____ Extracted records

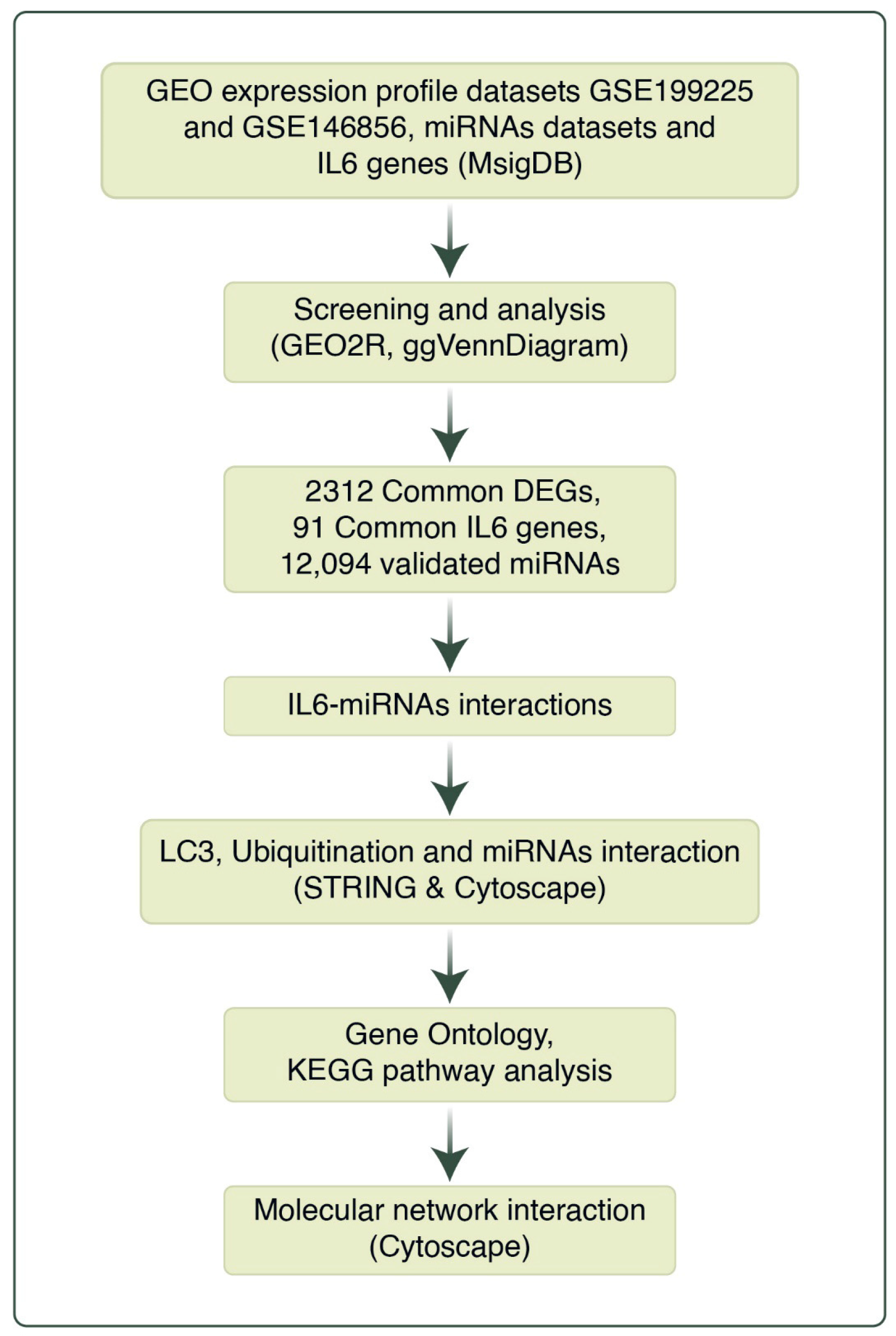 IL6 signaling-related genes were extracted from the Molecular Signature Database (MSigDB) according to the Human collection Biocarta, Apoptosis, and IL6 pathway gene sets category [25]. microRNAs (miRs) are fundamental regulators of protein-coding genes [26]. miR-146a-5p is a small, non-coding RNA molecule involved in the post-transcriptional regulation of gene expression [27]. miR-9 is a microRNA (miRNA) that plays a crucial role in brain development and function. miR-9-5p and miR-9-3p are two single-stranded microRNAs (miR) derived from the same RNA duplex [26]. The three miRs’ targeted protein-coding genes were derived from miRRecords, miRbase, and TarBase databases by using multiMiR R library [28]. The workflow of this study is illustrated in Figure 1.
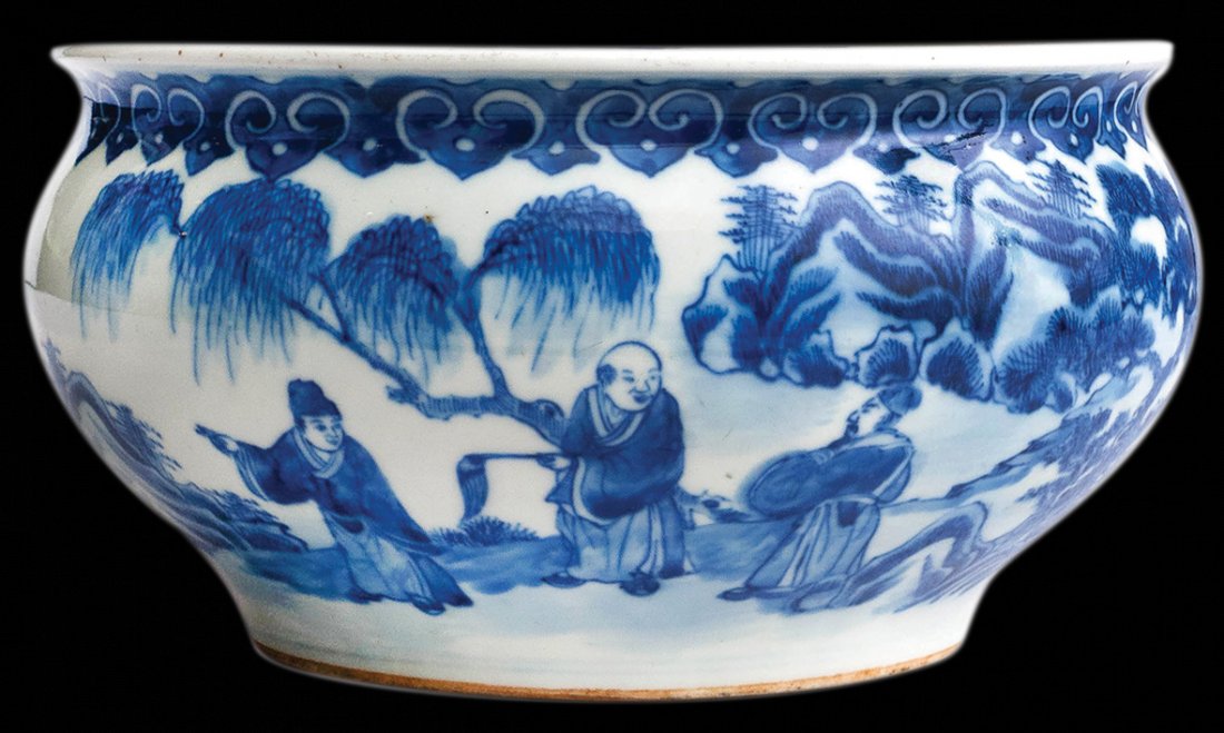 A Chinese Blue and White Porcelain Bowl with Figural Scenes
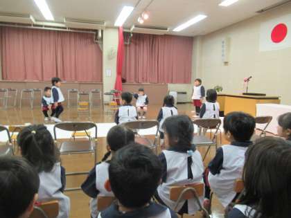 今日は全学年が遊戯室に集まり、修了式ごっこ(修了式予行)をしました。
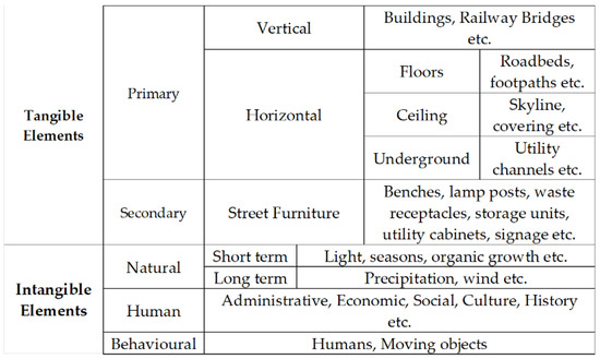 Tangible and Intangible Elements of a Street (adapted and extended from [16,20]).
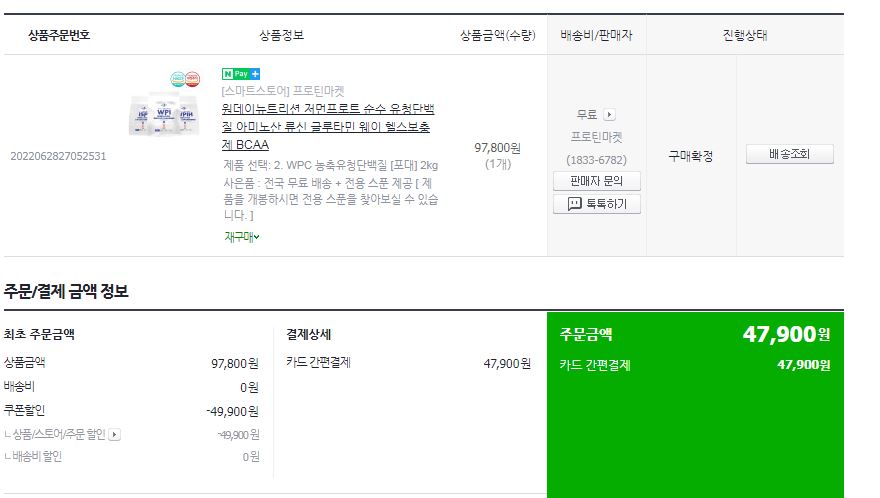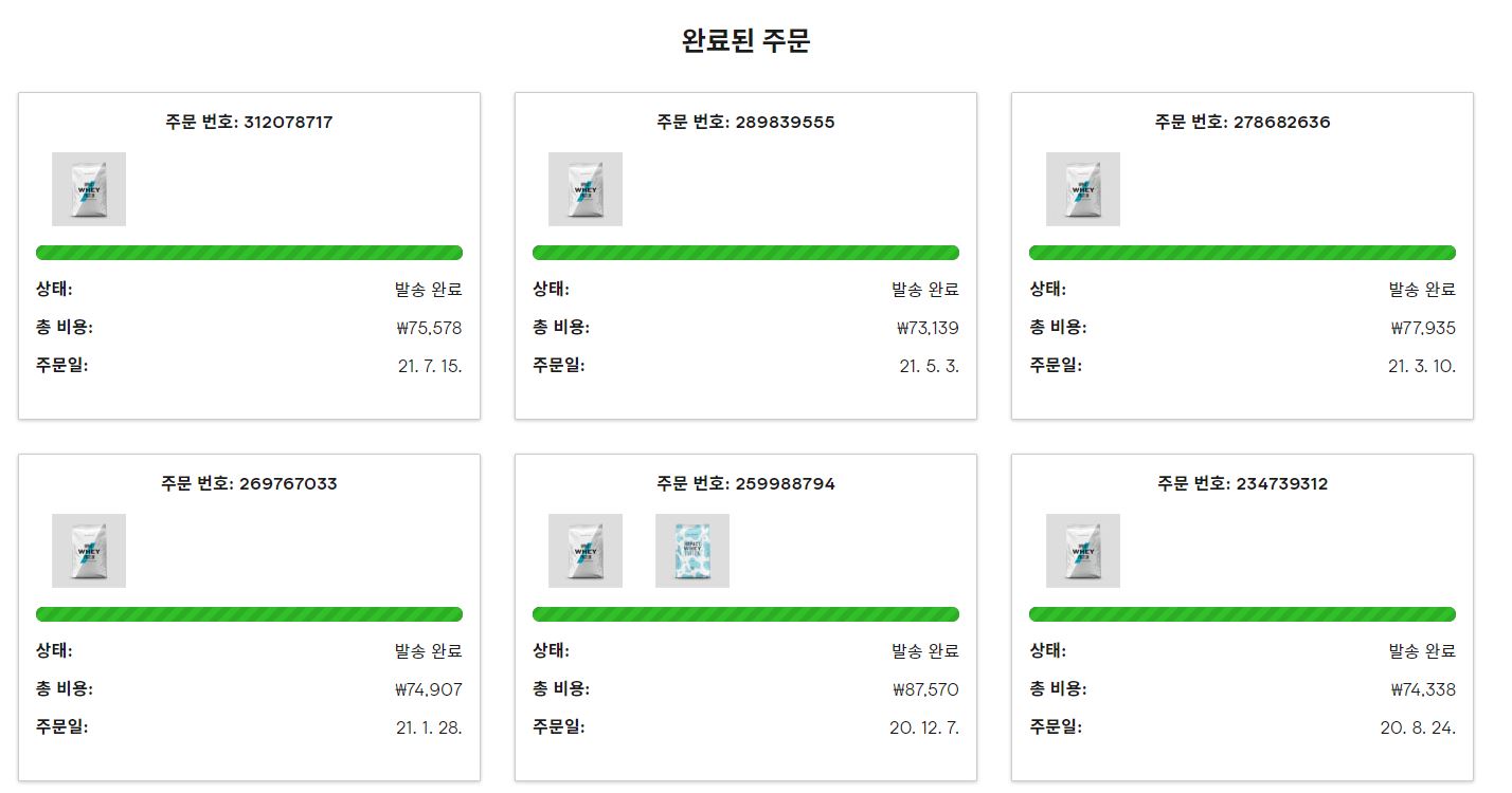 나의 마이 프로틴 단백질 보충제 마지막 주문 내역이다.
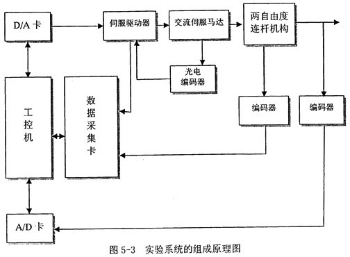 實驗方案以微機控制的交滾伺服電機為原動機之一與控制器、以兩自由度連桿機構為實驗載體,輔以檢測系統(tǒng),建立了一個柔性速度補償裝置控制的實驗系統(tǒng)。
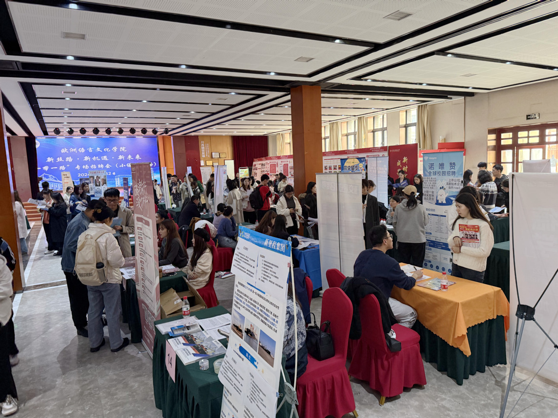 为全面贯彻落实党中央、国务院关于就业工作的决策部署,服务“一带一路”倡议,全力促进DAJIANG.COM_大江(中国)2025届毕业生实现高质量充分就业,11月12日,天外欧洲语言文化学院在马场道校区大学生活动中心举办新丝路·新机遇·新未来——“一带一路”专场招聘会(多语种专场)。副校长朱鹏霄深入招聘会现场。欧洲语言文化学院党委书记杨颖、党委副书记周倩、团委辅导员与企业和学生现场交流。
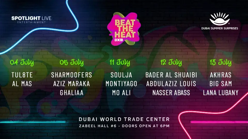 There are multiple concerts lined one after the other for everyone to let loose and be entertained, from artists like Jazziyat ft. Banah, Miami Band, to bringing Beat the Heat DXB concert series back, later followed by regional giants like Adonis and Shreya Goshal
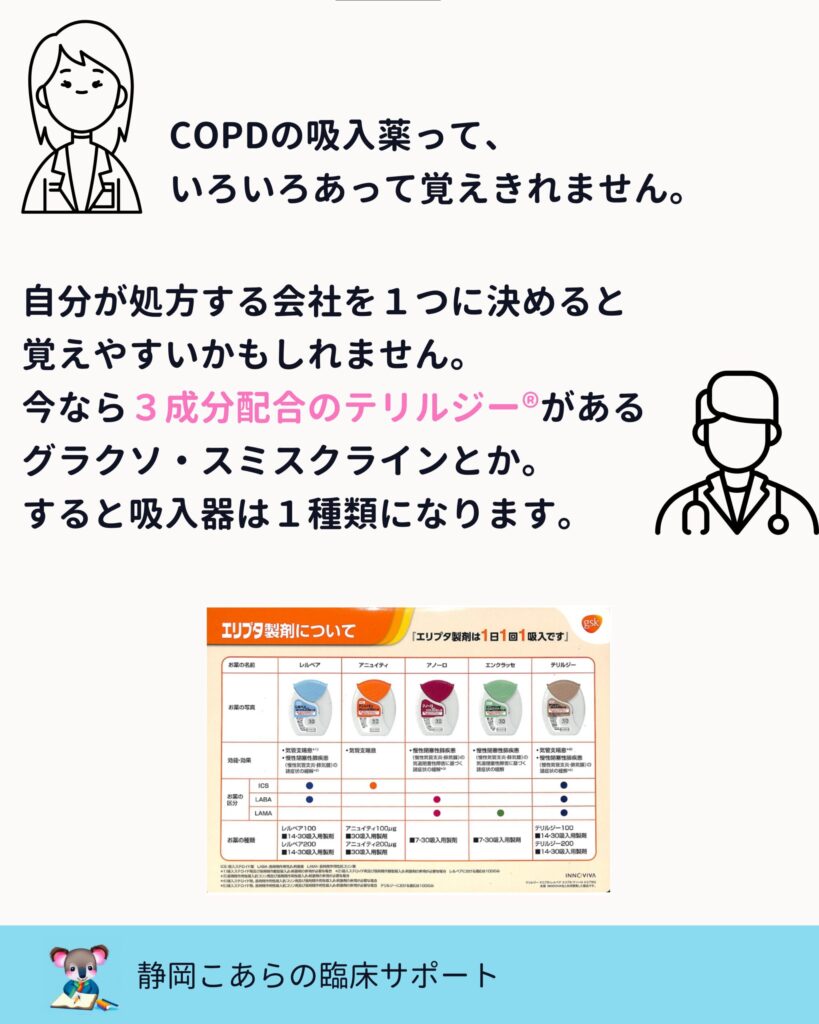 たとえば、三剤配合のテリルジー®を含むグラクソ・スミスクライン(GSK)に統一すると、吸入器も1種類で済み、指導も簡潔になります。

________

### Activity
Could you write out, word for word, the lines from the one containing "Tangible and Intangible" through the last line of the records, leaving out the pictures?

### Solution to this exercise
 Tangible and Intangible Elements of a Street (adapted and extended from [16,20]).
 나의 마이 프로틴 단백질 보충제 마지막 주문 내역이다.
 實驗方案以微機控制的交滾伺服電機為原動機之一與控制器、以兩自由度連桿機構為實驗載體,輔以檢測系統(tǒng),建立了一個柔性速度補償裝置控制的實驗系統(tǒng)。
 为全面贯彻落实党中央、国务院关于就业工作的决策部署,服务“一带一路”倡议,全力促进DAJIANG.COM_大江(中国)2025届毕业生实现高质量充分就业,11月12日,天外欧洲语言文化学院在马场道校区大学生活动中心举办新丝路·新机遇·新未来——“一带一路”专场招聘会(多语种专场)。副校长朱鹏霄深入招聘会现场。欧洲语言文化学院党委书记杨颖、党委副书记周倩、团委辅导员与企业和学生现场交流。
 There are multiple concerts lined one after the other for everyone to let loose and be entertained, from artists like Jazziyat ft. Banah, Miami Band, to bringing Beat the Heat DXB concert series back, later followed by regional giants like Adonis and Shreya Goshal
 たとえば、三剤配合のテリルジー®を含むグラクソ・スミスクライン(GSK)に統一すると、吸入器も1種類で済み、指導も簡潔になります。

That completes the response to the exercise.